Summary
Local antimicrobial therapy often has a beneficial effect in both acute and chronic infections of the respiratory tract. Indeed, contrary to systemic antimicrobial administration, inhalation or aerosolisation delivers the drug directly to the site of infection. Even at low dosages, this results in local effective drug concentrations, without adverse reactions.
The spectrum of antimicrobial activity of fusafungine, a cyclohexa-depsipeptidic antimicrobial of fungal origin for local use, has been defined by determination of the minimum concentration of the drug that inhibits the growth of 90% of the strains belonging to a species. The breakpoint concentration of fusafungine for clinical outcome is 40 mg/L. Fusafungine displays bacteriostatic activity on the Gram-positive cocci responsible for infections of the respiratory tract: Streptococcus (including S. pneumoniae) and Staphylococcus, including the methicillin-resistant (Methi-R) strains, which represent more than 30% of the strains isolated in hospitalised patients. Indeed, 60% of the 190 studied strains were Methi-R with the KTG-MLS phenotype and therefore resistant to all the antibacterials commonly used in infections of the respiratory tract, while only 7% of the strains were resistant to fusafungine. Moreover, in vitro, fusafungine did not induce either direct bacterial resistance or cross-resistance with systemic antibacterials. This suggests that there is no risk of selection of multiresistant microorganisms with repeated fusafungine treatments and that fusafungine does not interfere with the efficacy of concomitant systemic antimicrobial therapy.

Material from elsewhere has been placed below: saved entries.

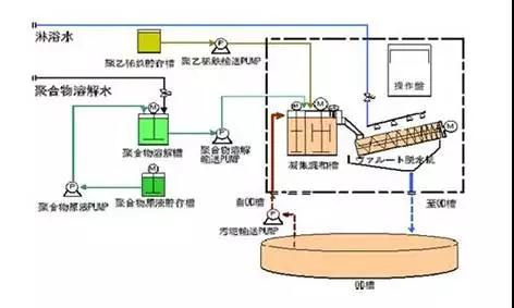 為了更好地提高氣浮處理效果,在回流加壓溶氣氣浮工藝中向廢水中投入某種絮凝劑,使水中難沉淀的膠體狀懸浮顆粒或乳化污染物失穩(wěn),在互相碰撞的作用下,聚集、聚合或搭接形成較大的顆粒或絮狀物,從而使得污染物能夠更容易下沉或上浮而被去除。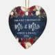 Rustic Blue Wood, Modern Brush Script, Watercolor Burgundy Marsala Floral, Our First Christmas as Mr. and Mrs. Heart Wedding Ornament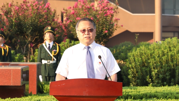 杨捷说,2020年是不平凡的一年,新冠肺炎疫情给人类社会带来了巨大冲击。疫情发生以来,中国共产党坚持人民至上、生命至上。全国人民众志成城,共克时艰,疫情防控取得了重大胜利。无数医护工作人员、人民子弟兵、公安干警、社区志愿者成了我们心中的最美逆行者,他们在非常时期,不畏艰险,坚守岗位,有些人甚至付出了自己的生命。在这些英雄中间也有我们的三全学子,郝莺歌、李鋆等四名同学,在疫情爆发之时,义无反顾选择最美逆行,坚守在武汉防控一线;朱飞阳、王静等4名同学毅然请命抗疫一线,奋不顾身,忘我奉献。站在国旗之下,我们无比的激动,为诞生在这个伟大的国度而自豪,为诞生在这个伟大的时代而骄傲。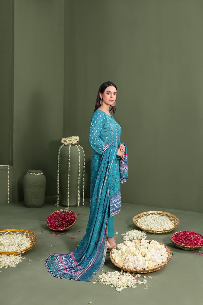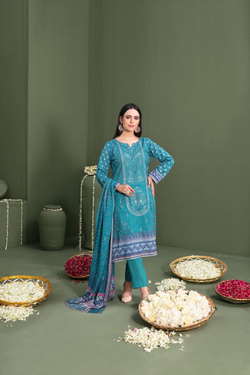 Tawakkal Fabrics 3 Piece Stitched Embroidered Digital Printed Lawn Suit - D-3063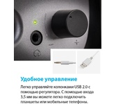 Акустическая система 2.0, выходная мощность (RMS), Вт 6 (2 х 3), частотный диапазон, Гц - 100 – 20 000, размеры динамиков, мм - O 53, напряжение питания USB / DC 5V, материал корпуса - дерево (MDF), регулировка уровня громкости, разъемы для подключения наушников и микрофона.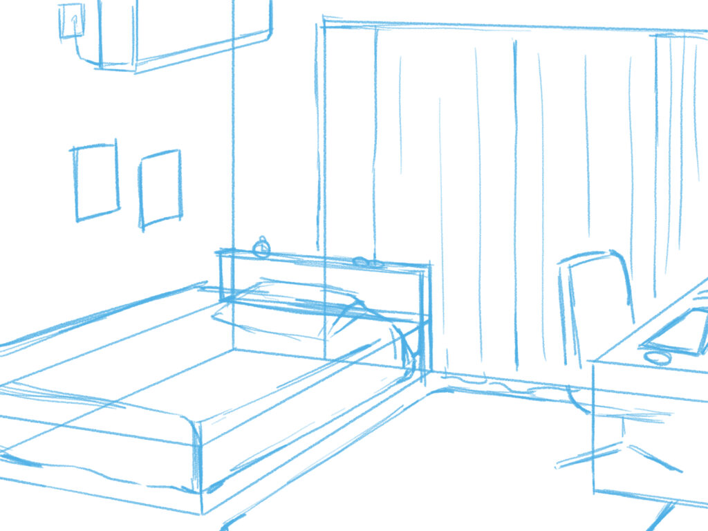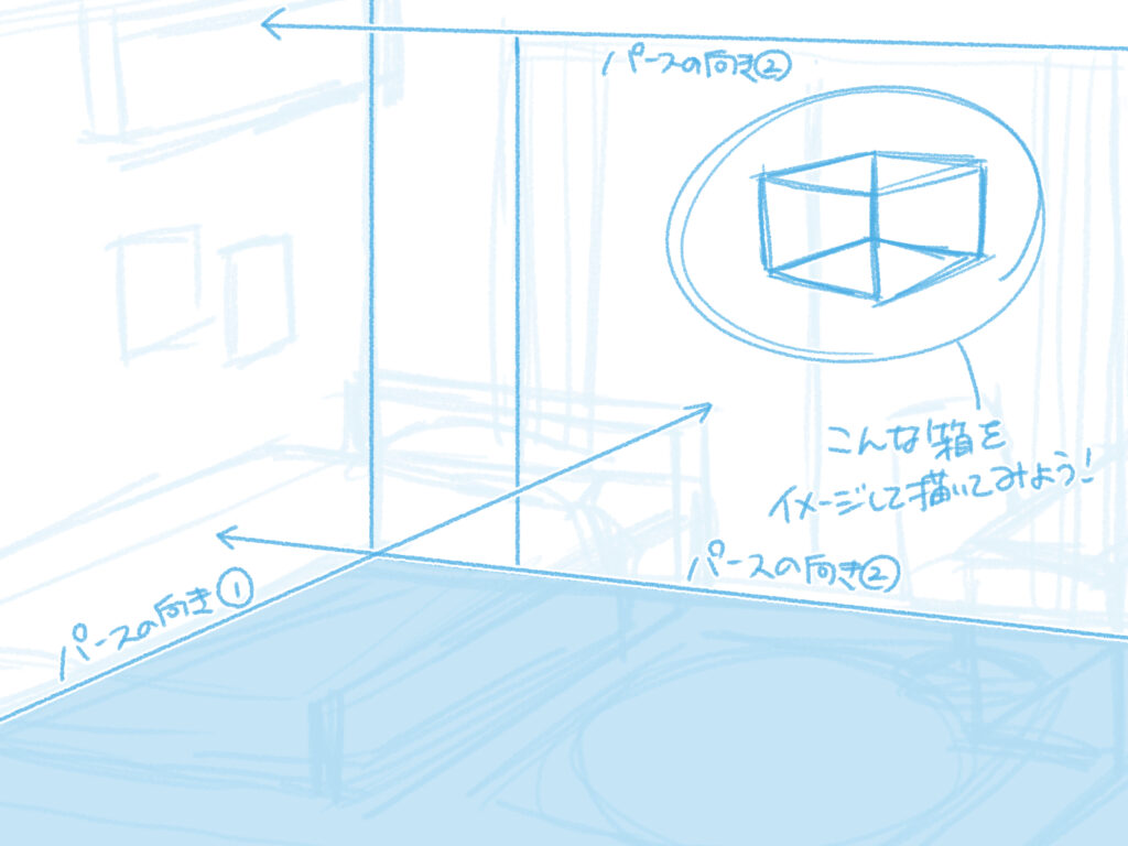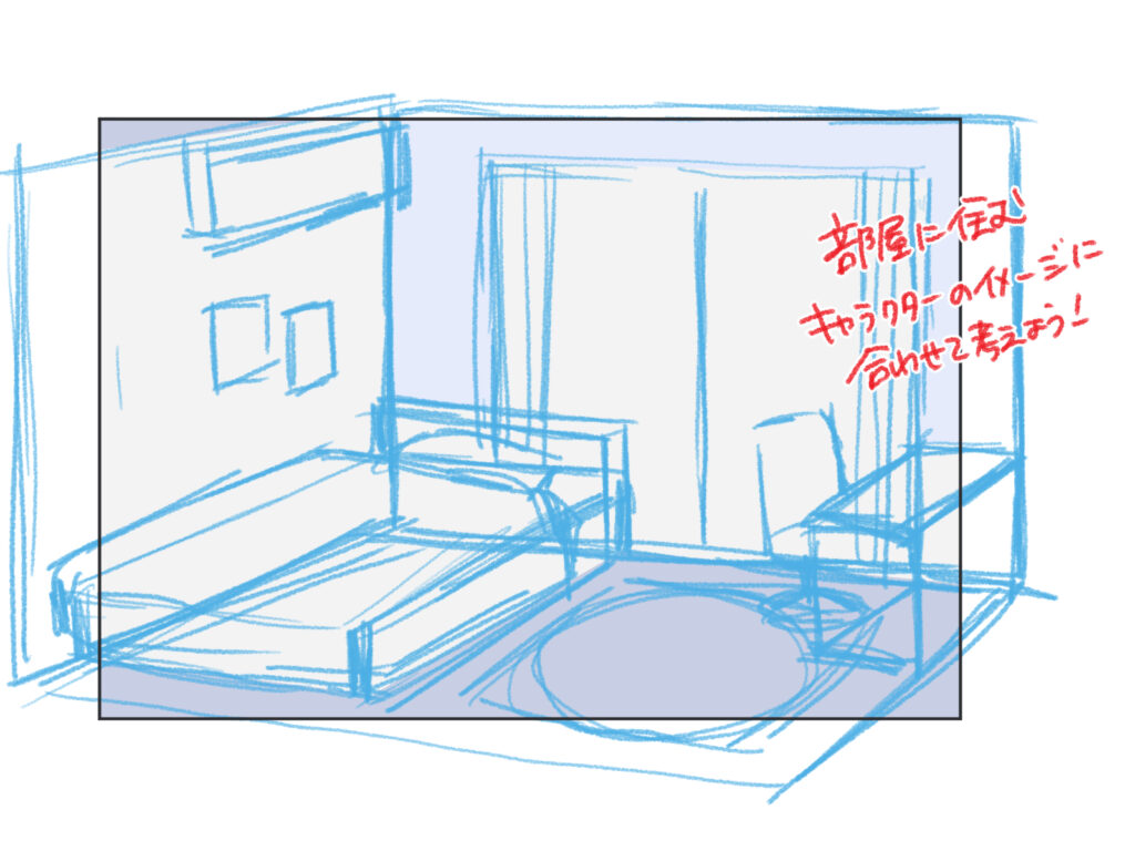 パース(遠近法)を意識し、まず部屋全体を大きな箱として捉え、その中に家具を小さな箱として配置していくと、構図が決めやすくなります。

Fusafungine also has antibacterial activity against Mycoplasma pneumoniae and Legionella pneumophila and antifungal activity against Candida albicans, 3 pathogens that are responsible for infections of the lower respiratory tract.
Subminimal inhibitory concentrations of fusafungine inhibit the adherence of Haemophilus influenzae to epithelial cells in culture, suggesting that this anti-adherence effect is involved in the therapeutic efficacy reported for the drug in Haemophilus infections of the respiratory tract, despite the high minimum inhibitory concentrations against this pathogen. Thus, fusafungine should prevent the colonisation of the nasopharyngeal mucosa by Haemophilus in healthy subjects and, more widely, should prevent infections due to adherent bacteria.
In conclusion, fusafungine is an antimicrobial drug developed for local administration with proven, marked therapeutic efficacy in infections of the respiratory tract.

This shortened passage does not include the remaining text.